The room fell utterly silent. The air became thin, tense, delicate enough to shatter.

“Just kidding,” Momozawa Ai said suddenly, her features relaxing into a disarming smile. The shift was jarring, terrifying. “The Old Mistress has been bedridden for so long. To say such outlandish things… it sounds like a joke even to me.”

The air in the room began to move again. Haruka let out a silent, heartfelt sigh of relief, the muscles in his back unclenching.

Momozawa Ai then did something strange. She bent down, speaking to what Haruka thought was empty air beside her. “Miko-sama, as you can see, the Old Mistress is no longer lucid. If we don’t perform the ritual soon, I’m afraid she…”

The sight was so unsettling that Haruka took a half-step back. It was only then that he saw her, a dwarf who stood no higher than Momozawa Ai’s waist, previously hidden by the folds of the head butler’s dress.
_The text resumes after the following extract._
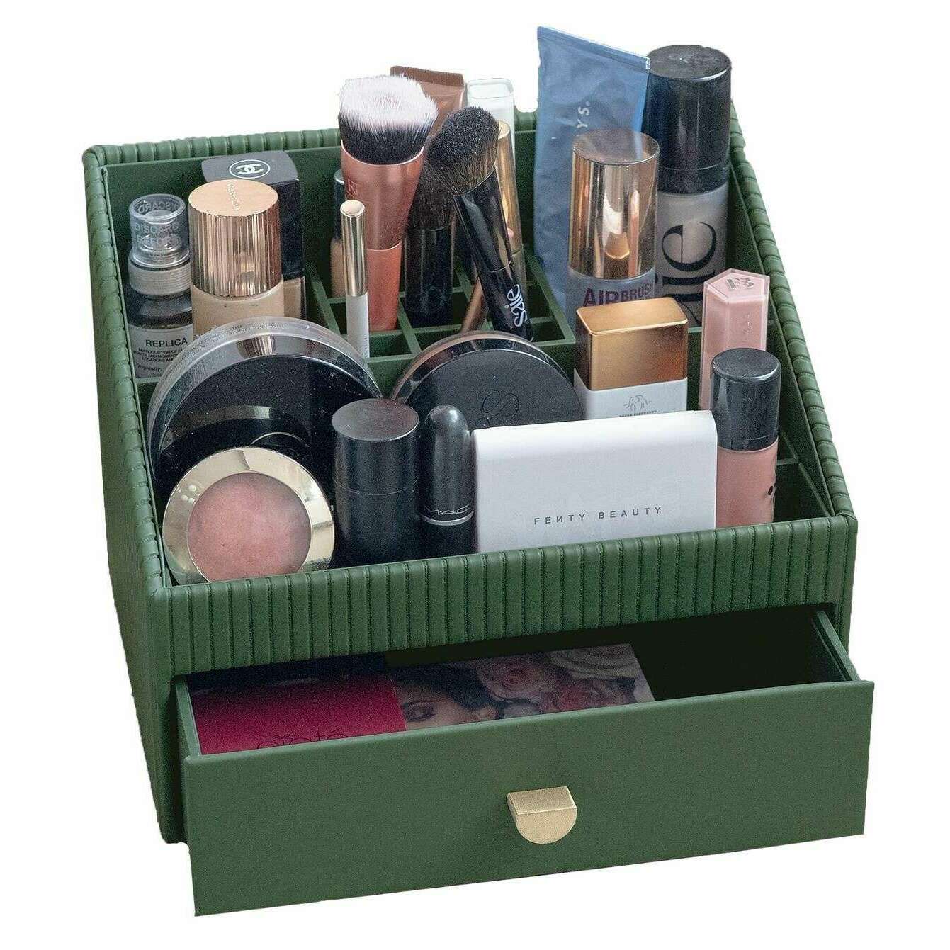 Ten klasyczny organizer do makijażu dla kobiet marki Stackers jest wykonany ze sztucznej skóry i PCV i ma kolor zielony. Wymiary: 19 cm (wysokość) x 25 cm (szerokość) x 18 cm (głębokość). Wszystkie organizery do makijażu są dostarczane w komplecie z opakowaniami typu stacker. Klasyczny organizer do makijażu Stackers – szmaragdowo-zielony ma wiele przegródek na produkty do makijażu i pielęgnacji skóry. Ten piękny, żebrowany zielony organizer do makijażu ma miejsce na większe produkty, idealny do utrzymywania porządku i oszczędzania miejsca!

“Do not worry,” the dwarf said, her voice like the grating sound of two stones being rubbed together. As she spoke, she stepped forward into the light.

For the first time, Haruka saw her clearly. It was the old woman from the exorcism, the one who looked to be in her seventies or eighties, her face a mask of wrinkles like a rough rock wall. She wore the red and white robes of a miko, but they were ancient, imbued with the faint, musty smell of decay, as if they had existed for a century.

The miko simply looked up at him, her eyes cloudy and white, and Haruka felt a profound sense of unease, a chilling certainty that his every thought was being laid bare before her.

“This is the revered Miko from the Ise Grand Shrine,” Momozawa Ai introduced her to Haruka, her tone filled with a deep, theatrical respect.

Everyone in the room bowed to her, even the notoriously rebellious Kiyohime, who bent at the waist in a shallow, grudging bow. Haruka was too rational to believe in gods and ghosts, but out of a sense of self-preservation, he also offered a small bow.

The miko had no reaction, her cloudy white eyes simply staring at him, through him.

“Is… is Miko-sama here to pray for the Old Mistress’s recovery?” Haruka asked, feeling deeply unsettled. He assumed it was some ancient custom of the noble Fujiwara family.

“No,” Momozawa Ai said. “Miko-sama is here to cure the Old Mistress.”

“Cure her? You’re saying she is going to cure her?”

“That’s right,” Momozawa Ai said, her smile serene. “Miko-sama will cure her by exorcising the demon youkai.”

Haruka looked at Momozawa Ai’s serious face, at the servants who took this as a matter of course, at the impassive, bored expression on Kiyohime’s face. Finally, his gaze fell upon the tiny, ancient dwarf. “Is this… the kind of ‘exorcising demon youkai’ that I’m imagining?”

“Yes.” Momozawa Ai suddenly grabbed Haruka’s hand, her grip surprisingly strong. “And you are the one who is going to do it.”

Haruka’s face changed. He suddenly felt a profound, dizzying sense of dislocation. He had fallen into a world of madmen, and they were all speaking a language he could never hope to understand.